━━━ EXERCISE MATERIALS ━━━

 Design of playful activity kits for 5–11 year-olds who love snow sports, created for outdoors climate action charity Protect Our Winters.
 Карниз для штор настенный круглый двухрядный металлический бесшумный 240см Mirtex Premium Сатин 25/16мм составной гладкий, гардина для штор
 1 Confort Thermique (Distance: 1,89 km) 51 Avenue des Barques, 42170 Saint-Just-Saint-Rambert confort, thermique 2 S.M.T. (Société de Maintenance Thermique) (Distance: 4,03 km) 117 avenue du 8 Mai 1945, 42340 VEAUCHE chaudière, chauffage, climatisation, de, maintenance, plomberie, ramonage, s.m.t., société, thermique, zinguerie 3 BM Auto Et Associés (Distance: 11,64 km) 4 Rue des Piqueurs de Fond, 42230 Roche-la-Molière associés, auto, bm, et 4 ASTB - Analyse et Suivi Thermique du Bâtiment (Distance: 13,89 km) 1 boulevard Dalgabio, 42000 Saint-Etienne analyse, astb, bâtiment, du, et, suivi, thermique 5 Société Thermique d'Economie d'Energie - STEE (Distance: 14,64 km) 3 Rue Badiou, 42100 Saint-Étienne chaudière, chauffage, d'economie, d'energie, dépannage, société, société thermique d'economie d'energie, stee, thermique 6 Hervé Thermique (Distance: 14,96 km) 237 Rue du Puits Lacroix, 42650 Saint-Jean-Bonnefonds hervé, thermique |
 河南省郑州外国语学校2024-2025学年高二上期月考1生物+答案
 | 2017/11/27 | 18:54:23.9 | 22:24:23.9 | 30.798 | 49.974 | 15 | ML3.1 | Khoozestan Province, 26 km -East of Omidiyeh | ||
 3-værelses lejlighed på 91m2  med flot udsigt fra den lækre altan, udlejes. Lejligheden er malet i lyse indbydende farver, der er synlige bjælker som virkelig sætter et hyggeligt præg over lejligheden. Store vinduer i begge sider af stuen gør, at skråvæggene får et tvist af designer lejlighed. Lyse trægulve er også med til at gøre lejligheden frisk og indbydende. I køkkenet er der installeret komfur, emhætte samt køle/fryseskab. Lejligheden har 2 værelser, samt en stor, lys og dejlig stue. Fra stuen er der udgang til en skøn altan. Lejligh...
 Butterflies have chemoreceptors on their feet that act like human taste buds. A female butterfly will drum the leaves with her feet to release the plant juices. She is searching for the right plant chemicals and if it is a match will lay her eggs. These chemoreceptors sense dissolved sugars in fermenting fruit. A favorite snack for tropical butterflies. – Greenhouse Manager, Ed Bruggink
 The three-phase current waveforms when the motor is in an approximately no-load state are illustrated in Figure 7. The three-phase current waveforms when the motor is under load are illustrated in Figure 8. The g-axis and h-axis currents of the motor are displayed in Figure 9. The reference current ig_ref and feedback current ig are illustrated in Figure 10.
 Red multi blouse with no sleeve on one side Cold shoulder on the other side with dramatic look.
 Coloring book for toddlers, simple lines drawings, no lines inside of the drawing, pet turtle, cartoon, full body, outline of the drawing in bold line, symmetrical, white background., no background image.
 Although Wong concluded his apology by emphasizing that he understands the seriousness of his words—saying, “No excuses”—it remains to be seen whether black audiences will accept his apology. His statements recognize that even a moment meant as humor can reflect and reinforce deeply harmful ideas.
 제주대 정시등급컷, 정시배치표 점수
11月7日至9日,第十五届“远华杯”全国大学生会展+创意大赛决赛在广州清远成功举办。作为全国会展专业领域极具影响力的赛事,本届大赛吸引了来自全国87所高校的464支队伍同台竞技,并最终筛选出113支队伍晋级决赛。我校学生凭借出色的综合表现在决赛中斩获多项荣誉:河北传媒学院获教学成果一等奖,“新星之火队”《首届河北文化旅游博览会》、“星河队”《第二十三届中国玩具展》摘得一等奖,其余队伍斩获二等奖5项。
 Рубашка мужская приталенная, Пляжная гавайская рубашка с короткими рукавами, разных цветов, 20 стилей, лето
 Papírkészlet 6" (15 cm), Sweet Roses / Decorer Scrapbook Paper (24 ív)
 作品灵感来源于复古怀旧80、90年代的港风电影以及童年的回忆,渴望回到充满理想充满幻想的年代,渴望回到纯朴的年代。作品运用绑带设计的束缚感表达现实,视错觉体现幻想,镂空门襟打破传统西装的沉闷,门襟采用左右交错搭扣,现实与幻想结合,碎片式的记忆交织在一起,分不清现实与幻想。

━━━

| WHAT TO WORK ON |
Copy every record above exactly as it appears.

| EXERCISE OUTPUT |
 Design of playful activity kits for 5–11 year-olds who love snow sports, created for outdoors climate action charity Protect Our Winters.
 Карниз для штор настенный круглый двухрядный металлический бесшумный 240см Mirtex Premium Сатин 25/16мм составной гладкий, гардина для штор
 1 Confort Thermique (Distance: 1,89 km) 51 Avenue des Barques, 42170 Saint-Just-Saint-Rambert confort, thermique 2 S.M.T. (Société de Maintenance Thermique) (Distance: 4,03 km) 117 avenue du 8 Mai 1945, 42340 VEAUCHE chaudière, chauffage, climatisation, de, maintenance, plomberie, ramonage, s.m.t., société, thermique, zinguerie 3 BM Auto Et Associés (Distance: 11,64 km) 4 Rue des Piqueurs de Fond, 42230 Roche-la-Molière associés, auto, bm, et 4 ASTB - Analyse et Suivi Thermique du Bâtiment (Distance: 13,89 km) 1 boulevard Dalgabio, 42000 Saint-Etienne analyse, astb, bâtiment, du, et, suivi, thermique 5 Société Thermique d'Economie d'Energie - STEE (Distance: 14,64 km) 3 Rue Badiou, 42100 Saint-Étienne chaudière, chauffage, d'economie, d'energie, dépannage, société, société thermique d'economie d'energie, stee, thermique 6 Hervé Thermique (Distance: 14,96 km) 237 Rue du Puits Lacroix, 42650 Saint-Jean-Bonnefonds hervé, thermique |
 河南省郑州外国语学校2024-2025学年高二上期月考1生物+答案
 | 2017/11/27 | 18:54:23.9 | 22:24:23.9 | 30.798 | 49.974 | 15 | ML3.1 | Khoozestan Province, 26 km -East of Omidiyeh | ||
 3-værelses lejlighed på 91m2  med flot udsigt fra den lækre altan, udlejes. Lejligheden er malet i lyse indbydende farver, der er synlige bjælker som virkelig sætter et hyggeligt præg over lejligheden. Store vinduer i begge sider af stuen gør, at skråvæggene får et tvist af designer lejlighed. Lyse trægulve er også med til at gøre lejligheden frisk og indbydende. I køkkenet er der installeret komfur, emhætte samt køle/fryseskab. Lejligheden har 2 værelser, samt en stor, lys og dejlig stue. Fra stuen er der udgang til en skøn altan. Lejligh...
 Butterflies have chemoreceptors on their feet that act like human taste buds. A female butterfly will drum the leaves with her feet to release the plant juices. She is searching for the right plant chemicals and if it is a match will lay her eggs. These chemoreceptors sense dissolved sugars in fermenting fruit. A favorite snack for tropical butterflies. – Greenhouse Manager, Ed Bruggink
 The three-phase current waveforms when the motor is in an approximately no-load state are illustrated in Figure 7. The three-phase current waveforms when the motor is under load are illustrated in Figure 8. The g-axis and h-axis currents of the motor are displayed in Figure 9. The reference current ig_ref and feedback current ig are illustrated in Figure 10.
 Red multi blouse with no sleeve on one side Cold shoulder on the other side with dramatic look.
 Coloring book for toddlers, simple lines drawings, no lines inside of the drawing, pet turtle, cartoon, full body, outline of the drawing in bold line, symmetrical, white background., no background image.
 Although Wong concluded his apology by emphasizing that he understands the seriousness of his words—saying, “No excuses”—it remains to be seen whether black audiences will accept his apology. His statements recognize that even a moment meant as humor can reflect and reinforce deeply harmful ideas.
 제주대 정시등급컷, 정시배치표 점수
11月7日至9日,第十五届“远华杯”全国大学生会展+创意大赛决赛在广州清远成功举办。作为全国会展专业领域极具影响力的赛事,本届大赛吸引了来自全国87所高校的464支队伍同台竞技,并最终筛选出113支队伍晋级决赛。我校学生凭借出色的综合表现在决赛中斩获多项荣誉:河北传媒学院获教学成果一等奖,“新星之火队”《首届河北文化旅游博览会》、“星河队”《第二十三届中国玩具展》摘得一等奖,其余队伍斩获二等奖5项。
 Рубашка мужская приталенная, Пляжная гавайская рубашка с короткими рукавами, разных цветов, 20 стилей, лето
 Papírkészlet 6" (15 cm), Sweet Roses / Decorer Scrapbook Paper (24 ív)
 作品灵感来源于复古怀旧80、90年代的港风电影以及童年的回忆,渴望回到充满理想充满幻想的年代,渴望回到纯朴的年代。作品运用绑带设计的束缚感表达现实,视错觉体现幻想,镂空门襟打破传统西装的沉闷,门襟采用左右交错搭扣,现实与幻想结合,碎片式的记忆交织在一起,分不清现实与幻想。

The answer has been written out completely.